‘The world would have lost nothing,’ answered the girl, a little bitterly. ‘The world and I have no affinity.’
‘That is only an idea. In a few years you will habituate yourself to——’ he paused and added with meaning, ‘to many things which seem to you harsh and cold. Penelope nowadays, if she spin at all to console herself for abandonment, only weaves the web of flirtages——’
Yseulte coloured at the insinuation contained in the phrase. Her heart was too full for her to trust herself to answer. Did all these people know, as she knew, that her husband had never loved her?
‘You are trop taillée à l’antique,’ said de Vannes with a little impertinence. ‘Do you think you are ever thanked for all this exclusive devotion which does not permit you to smile at a ball? Do not be angered, Yseulte. I should be glad if I could persuade you that it would be much wiser to smile often—and smile on others. Men are ungrateful, my cousin. The spaniel love is not what moves them most.’
‘I do not know why you should say this to me,’ she murmured with embarrassment and offence. ‘You presume too far on our relationship——’

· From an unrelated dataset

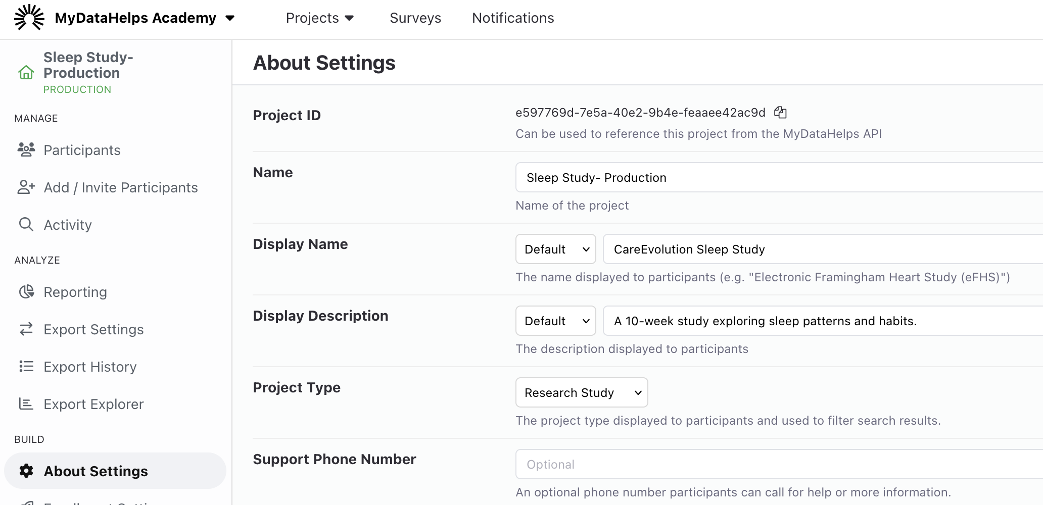 On the About Settings tab, the project can be renamed by editing "Name". This is an internal name for your project. If you wish to change the participant-facing project name, edit the "Display Name".

‘Pardon me!’ said the Duc very humbly. ‘My indignation is apt to outrun my prudence. I do not like to see—any one—passively accept neglect. Neglect should be avenged. It is the only way in which it can be transformed into allegiance.’
Yseulte made a courageous effort to conceal her knowledge of the drift of his words.
‘I cannot tell what you allude to,’ she said coldly. ‘Nor do I see why you should feel any anger for which you are not asked.’
‘In the last century,’ continued de Vannes, as though he had not heard her, ‘there was a woman called Lescombat; she was very beautiful and had many lovers; she incited them to many crimes. One of them, Mongeôt, was condemned to be broken on the wheel for one of these crimes. He could have cleared himself if he had revealed her name; but he never did. He died on the wheel silent. She went to the Place de Grêve and smiled to see his tortures. ‘Il ne fallait pas moins que cela pour faire rougir Mongeôt!’ she cried so loud that he could hear her: he had always been very fair and pale. But he died mute, nevertheless. It is women like the Lescombat, my cousin, who are loved like that. Pauline de Beaumont, the very flower and perfection of womanhood, was only allowed as a reward for her devotion to follow her lover at a distance like a dog and die in Rome. It is always so.’